Her purse was gone, and her phone and her keys. That told me she’d gone out, that she’d be back, and I was too exhausted to believe anything else. I felt her imprint on the space, and I felt Sophia’s, too. Finch didn’t ask why I ducked my head out to check the fire escape, but he opened his arms when he saw I’d started to cry.
He let himself sleep, finally. I took the cushions off so we could both fit on the couch, Sam Cooke playing low and the pale sun dropping. All day we’d heard sirens come and go, like the whole city couldn’t settle, but now it was quiet at last, that incomplete, city kind of quiet.
I was drowsing off, too, when she came in like a hurricane, feet pounding up the stairs and key a panicked jangle in the lock, because she’d seen the lights on from the street.
I didn’t tell her much right then. Ella knew—she knew what had happened had something to do with me, and the Hinterland, and the hunch I’d been chasing. She’d been running around town looking for me, for other ex-Stories, anyone who could help her track me down.
She never found them. Neither did I. Whether they were lying low after what happened at the party, or had gotten wind of what Daphne really was and skipped town, or whether it was something else completely, they were unfindable. The hotel when I visited it a few days later was a ghost town, the lobby empty and the halls quiet. Half the keys were still behind the desk; Finch and I tried a few of the rooms, just to see. But the dust was already gathering. The whole place had a whiff of the condemned. And I wondered. What had really become of them, what manner of gone they were.
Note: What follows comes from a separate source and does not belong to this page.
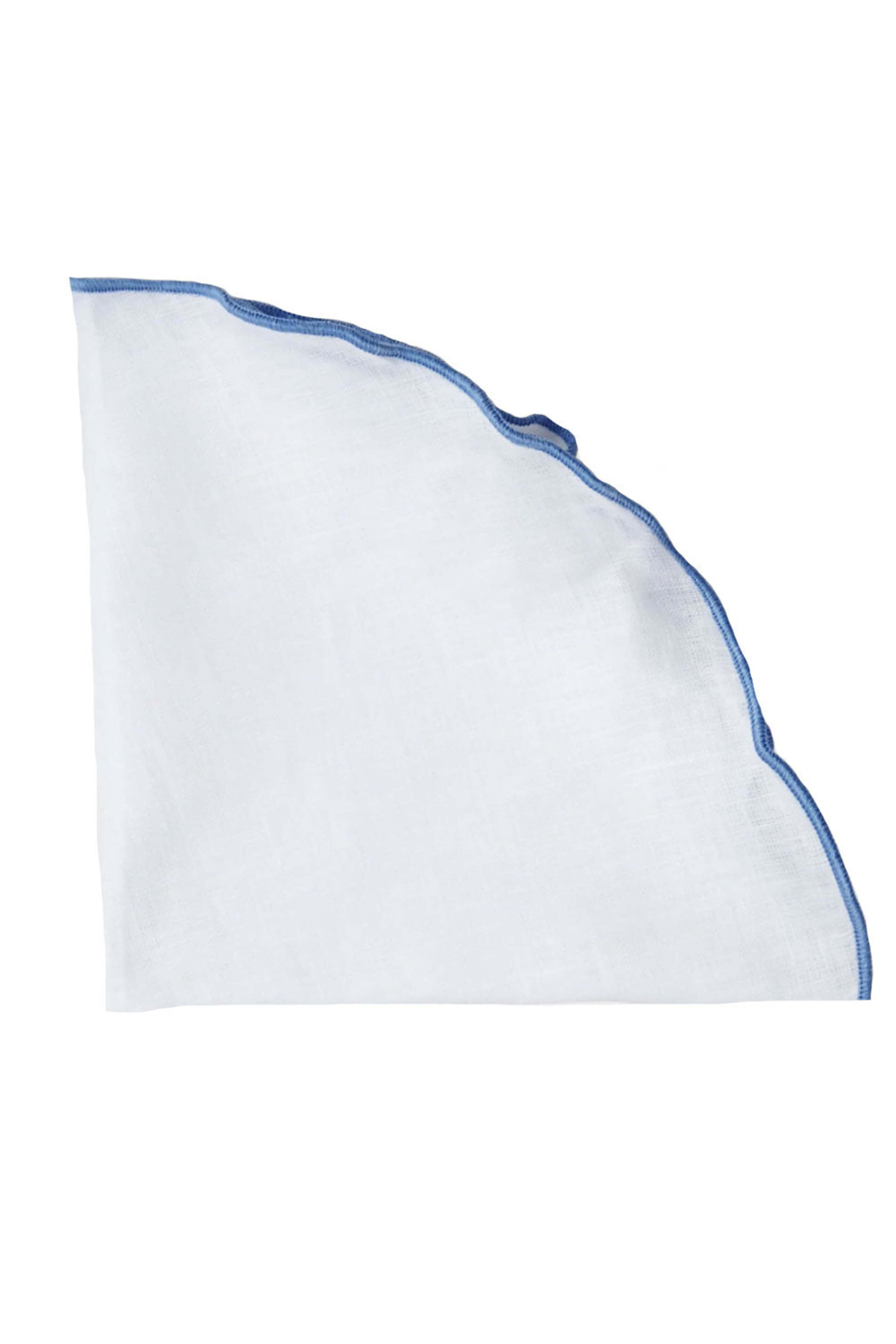 Edward Armah Periwinkle Trim Pocket Circle. Approx. 12.5" diameter. Contrast rolled edges. Made in USA. Dry clean only. 100% Linen.

But first. There, in our apartment, hours after the cataclysm. Ella rushed me, so fierce I really thought she’d slap me this time, but she just pulled me in. Then she saw Finch, dead to the world, and pressed a hand to her mouth. I remembered then that I’d told her nothing about his letters.
“That’s him, isn’t it? That’s the boy who saved you.”
In the Hinterland, she meant. From my story. I didn’t know how to tell her everything he’d done, everything he’d saved. I just kissed her cheek, and reminded her.
“You saved me first.”
They liked each other. Once he’d woken up bleary-eyed and blinking, to the smell of the microwave burritos I’d run to the corner for. Of course they did. They had some very weird shit in common, and Finch was smart enough not to mention her mother.
Two days later I drove him to the Upper East Side. The city was a sluggish blend of empty and overrun, with an apocalyptic, carnival feel. We’d coast for a mile, treating red lights like stop signs, then spend twenty minutes crawling down a single block.
I sat on the hood of the car while he went up to see his dad. He was gone one hour, two. I jogged a couple of blocks to find a sandwich. After the third hour, I became paranoid: that his dad would try to keep him. Against his will, away from me. But when he finally came out, his father came with him. The man looked smaller than I’d imagined. Gray hair, shoulders bowed, hands gripping the back of his son’s shirt as he held him. They held each other long enough that I knew to look away.